Numéro d'inscription au répertoire général : N° RG 21/11390 - N° Portalis 35L7-V-B7F-CD4MM

Décision déférée à la Cour : jugement du 13 avril 2021 - tribunal judiciaire de BOBIGNY RG n° 18/11893

APPELANTS

Madame [K] [Z] veuve [B]

[Adresse 5]

[Localité 8]

Née le [Date naissance 4] 1935 à [Localité 18]

Représentée par Me Belgin PELIT-JUMEL de la SELEURL BELGIN PELIT-JUMEL AVOCAT, avocat au barreau de PARIS, toque : D1119

Assistée par Me Laure MUSITELLI, avocat au barreau de MEAUX

Monsieur [P] [B]

[Adresse 14]

[Localité 9]

Né le [Date naissance 1] 1952 à [Localité 17]

Représenté par Me Belgin PELIT-JUMEL de la SELEURL BELGIN PELIT-JUMEL AVOCAT, avocat au barreau de PARIS, toque : D1119

Assisté par Me Laure MUSITELLI, avocat au barreau de MEAUX

INTIMEES

SYNDICAT DES COPROPRIÉTAIRES du [Adresse 2] représenté par son syndic la SAS MEMMO IMMOBILIER

[Adresse 6]

[Localité 12]

Représenté par Me Frédérique ETEVENARD, avocat au barreau de PARIS, toque : K0065

Assité par Me Sarah ABITBOL, avocat au barreau de CRETEIL.

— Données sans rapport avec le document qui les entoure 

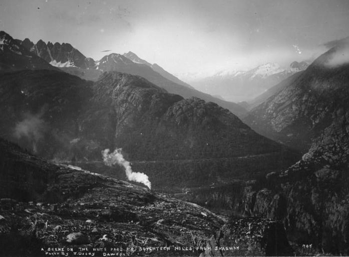 Keywords: White Pass Old photo.jpg White Pass Railroad train seventeen miles from Skagway http //hdl loc gov/loc pnp/ppmsc 01636 between ca 1900 and ca 1930 Doody J PD-USGov PD-USGov White Pass and Yukon Route rolling stock
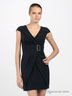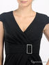Стильное женское платье темного серого цвета с эффектом "меланж". Основная ткань с эластаном, трикотажная, подклад шелковистый. Крой платья удачно подчеркивает талию и зрительно увеличивает грудь за счет драпировки на лифе. Короткие рукава. Глубокий вырез горловины. На спинке длинная застежка на молнию. спереди декоративный ремешок с пряжкой. От линии талии к низу изделия выполнены мягкие складки. Сзади разрез-шлица.
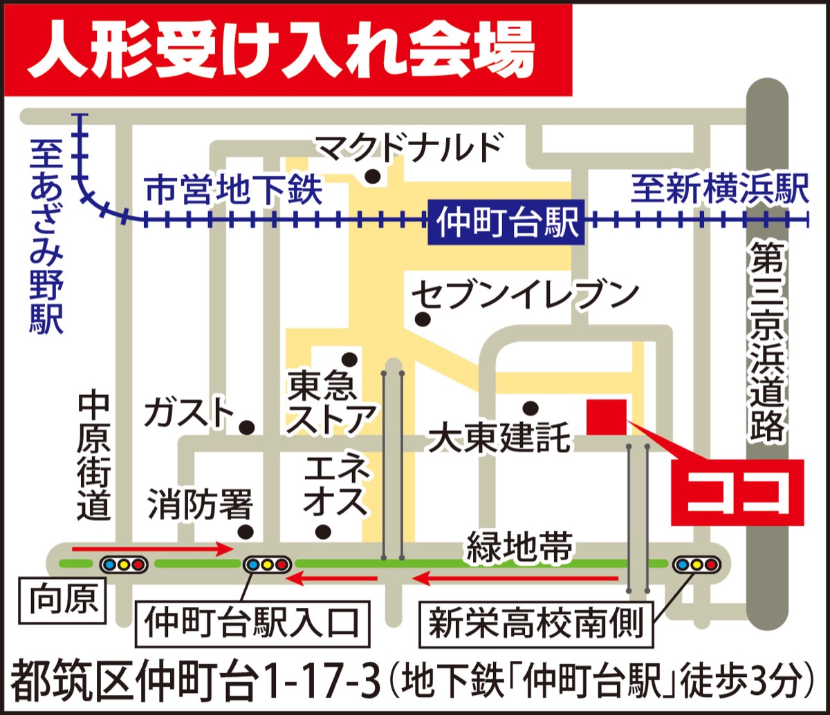受け入れ期間は4月13日(土)午前10時から5月11日(土)午後5時。希望日時を電話で予約してから直接、持ち込みを。雛人形をはじめ、日本人形やぬいぐるみ、こけしなど、顔のついている人形に限る。兜飾りや装飾備品、ガラスケースは不可で、本体のみ。写真やアルバムの供養も受け付ける。

S.A.S. INTER MUTUELLES ENTREPRISES

[Adresse 7]

[Localité 8]

Représentée par Me Jean-Eric CALLON de la SELEURL CALLON Avocat & Conseil, avocat au barreau de PARIS, toque : R273

S.A.R.L. GSTE

[Adresse 10]

[Localité 13]

Représentée par Me Pierre-Philippe FRANC de la SELEURL SELARLU CABINET FRANC, avocat au barreau de PARIS, toque : D0189

CPAM DE SEINE SAINT DENIS

[Adresse 3]

[Localité 11]

Représentée par Me Maher NEMER de la SELARL BOSSU & ASSOCIES, avocat au barreau de PARIS, toque : R295

COMPOSITION DE LA COUR :

En application des dispositions des articles 805 et 907 du code de procédure civile, l'affaire a été débattue le 02 mars 2023, en audience publique, les avocats ne s'y étant pas opposé, devant Mme Nina TOUATI, présidente de chambre, chargée du rapport et devant Mme Dorothée DIBIE, conseillère.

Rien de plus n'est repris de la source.